How to grow pumpkins, zucchini and cucumbers

Growing cucurbits
  • Cucurbits are the family that includes pumpkins (also known as squash), zucchinis, cucumbers and melons.
  • Cucurbits thrive in warm conditions and in early summer you can start planting them out.
  • Choose an open space with good air movement which gets all day sun.
  • Add compost to soil before planting to increase nutritive value and improve structure. Then dig a hole, add an animal manure (chicken poo or sheep pellets), fork or spade it through, then pop the plant in and cover over.
  • Give each plant a handful of Natures Organic Fertiliser and add more animal manure around the plants. Cucurbits are gross feeders.
  • Rob has planted Kabocha which is a Japanese squash with an exceptionally sweet flavour, rather like a cross between a sweet potato and squash. They don’t keep long though which is why he plants butternuts in another bed. Butternuts keep well all winter long.

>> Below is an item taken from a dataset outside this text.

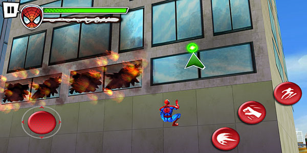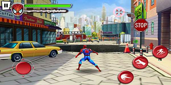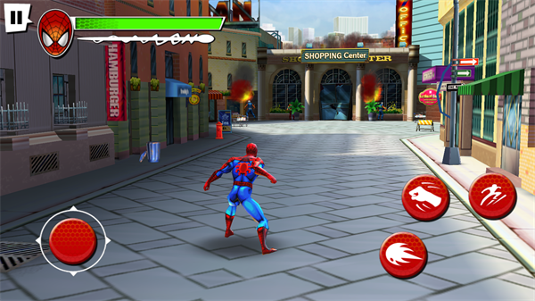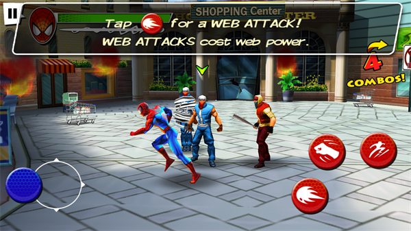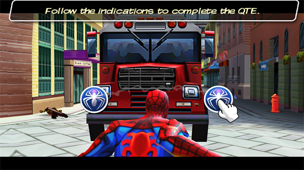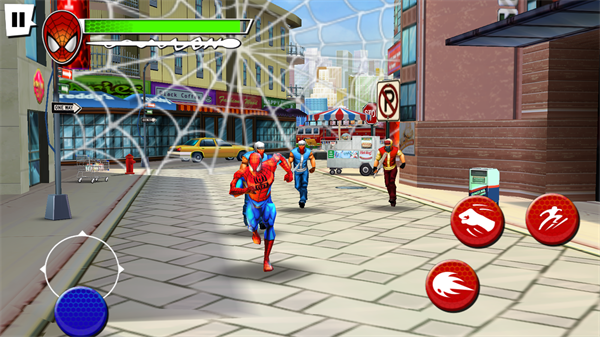 战斗节奏紧凑,玩家可通过组合虚拟摇杆与按键实现快节奏连招。连击系统鼓励持续攻击,积累积分可兑换蜘蛛战衣或技能升级,同时支持QTE(快速反应事件)触发华丽招式,提升操作爽快感。

  • Plant squash 50-70 cms apart. Squash trail extensively, so we recommend popping a bamboo stick in around the centre of the plant, so once they start to trail you’ll be able to find the roots when watering.
  • If you’re confused between pumpkin and squash, generally speaking ‘pumpkin’ is the culinary term and ‘squash’ is the botanical term for exactly the same vegetable.
  • There are a huge number of zucchini varieties ranging from dark green through to striped and yellow as well as scallopini (zucchini shaped like a flying saucer).
  • Zucchini can be parthenocarpic – female flowers only, or open-pollinated – male and female flowers.
  • If you want to stuff the flowers of zucchini when cooking, the open-pollinated varieties like Cocozelle are best.
  • Rob plants zucchini Parthenon which is parthenocarpic. This is because, at this time of the year, there may not be enough bees around to pollinate plants, so it’s safer to plant self-fertile varieties. In a month or so, when the temperatures are more stable, he’ll plant the open-pollinated varieties.
  • Plant zucchini about a metre apart, near the edge of a bed. One plant will feed 4 people. You can always plant another one about 6 weeks later to ensure a longer harvest.
  • Cucumbers grow similarly to zucchini and pumpkins, but are more dependent on a constant supply of water. In time we’ll mulch this bed to create even moisture content in the soil, but we’re leaving it until the soil warms up more. If cucumbers get stressed with lack of water and nutrients, they will be bitter. If your fruit is bitter, just cut off the first 5cms from the stalk as that’s where most of the bitterness is stored.
  • Rob plants three varieties of cucumber – Apple (has lovely flavour), Telegraph (only grows straight if you grow it on a trellis) and Lebanese (the easiest to grow). Plant about 80-90 cms apart.
  • Pick Lebanese cucumbers almost every day. If you let them grow too big, the plant thinks it’s time to reproduce and it sets seed and stops producing.
  • Put sticks near cucumber plants as for squash. We don’t bother putting sticks near the zucchinis because they grow more bush-like and it’s easier to see the centre of the plant.
  • Cucurbits are very easy to grow as long as you feed and water them well.
  • Powdery mildew is a problem in humid climates. If your plants do succumb to powdery mildew OR as a preventative measure here are three ways to treat the disease (use a watering can to apply):
    – Dilute milk 10 parts to 1
    – Mix 1 teaspoon of baking soda to every 1 litre of water
    – Dilute Flowers of Sulphur in water (as per instructions on the packet)
  • A dose of liquid seaweed also helps prevent powdery mildew as it alkalises the leaves of the plants.
  • Be vigilant for yellow and black ladybirds as they help spread powdery mildew.